BEGIN Provided data

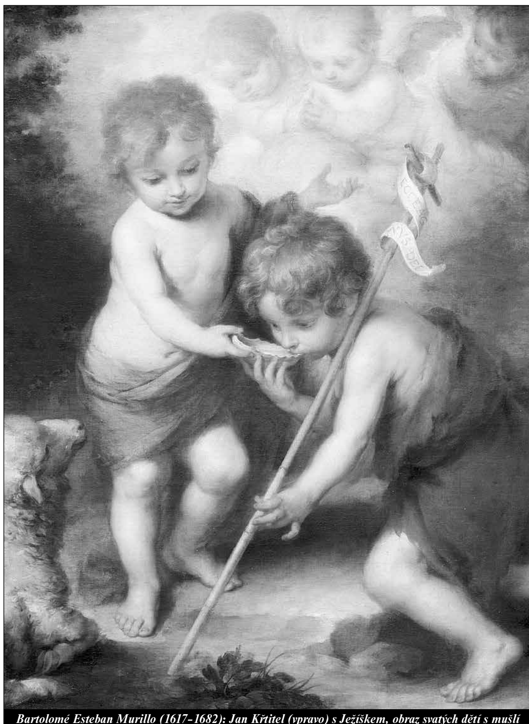
Bartolomé Esteban Murillo (1617-1682): Jan Křtítel (vpravo) s Ježíškem, obraz svatých dětí s mušlí
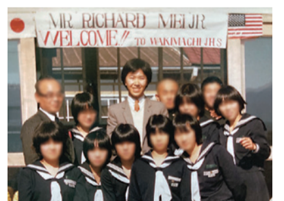
▲当時の総領事(後列中央) 徳島の生徒たちと

メリカと日本の強い絆をさらに深めていくことに貢献できるのは私の誇りです。徳島で過ごした経験のおかげだと思っています。

END Provided data

Your assignment:
Make an exact copy of the data above, pictures excluded.

Response area:
Bartolomé Esteban Murillo (1617-1682): Jan Křtítel (vpravo) s Ježíškem, obraz svatých dětí s mušlí
▲当時の総領事(後列中央) 徳島の生徒たちと

メリカと日本の強い絆をさらに深めていくことに貢献できるのは私の誇りです。徳島で過ごした経験のおかげだと思っています。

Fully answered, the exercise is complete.